The one thing I remember people in the animation community talking about was the "dead-eye" effect, caused by these blank stares that the CGI human characters seem to have, which some people also interpreted as a lack of soul. I think this effect could have been lessened a great deal just by making the characters blink a little more often.

And while I'm dazzled by the technical wizardry of it all, I'm left wondering if it was a little TOO dazzling - there were at least three sequences in the film based on a "roller-coaster"-like series of up-and-down train tracks, or slides in Santa's workshop. But, I guess if you're going to create a whiz-bang trip to and through the North Pole, you might as well go all out.

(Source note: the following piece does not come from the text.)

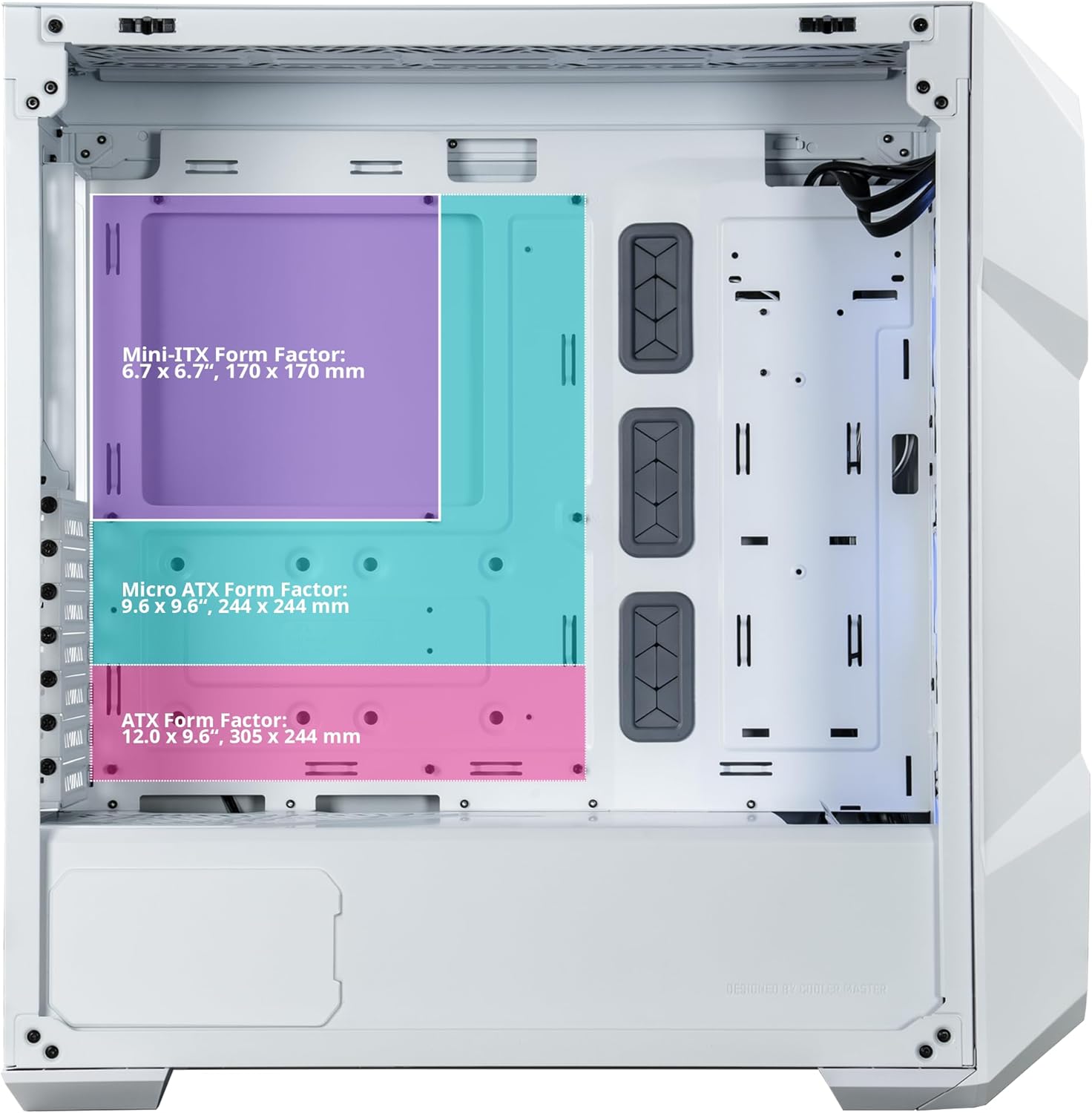 MasterBox TD500Mesh V2 es compatible de forma nativa con placas base ITX, M-ATX y ATX. Las placas base E-ATX, como los modelos SSI-CEB, son compatibles con dimensiones de hasta 30,5 x 27,9 cm.

The film plays off the average's child's attempt to reconcile the story of Santa Claus and his method of delivering presents all around the world at midnight on Christmas Eve with an awareness of geography and basic physics, which suggests that Santa Claus cannot possibly live in the North Pole, and travel at faster-than-light speeds in a flying sleigh. The unnamed central boy character has begun to doubt the existence of Santa, and that's when he is visited by the Polar Express, and offered a ride to the North Pole to see for himself what takes place there.

Magic is a wonderful concept for children, and a handy one for screenwriters as well. All issues of unlikeliness, impossibilies and continuity mistakes are negated - "How does the train stay on the tracks at such a high speed?" "How do the tracks travel over an icy lake?" "How can kids spend hours on a magic train, and then return home 5 minutes after they left?" Because it's a MAGIC train, that's how... After watching this movie, kids won't be asking how a fat Santa comes down a skinny chimney, because it won't seem so outlandish by comparison.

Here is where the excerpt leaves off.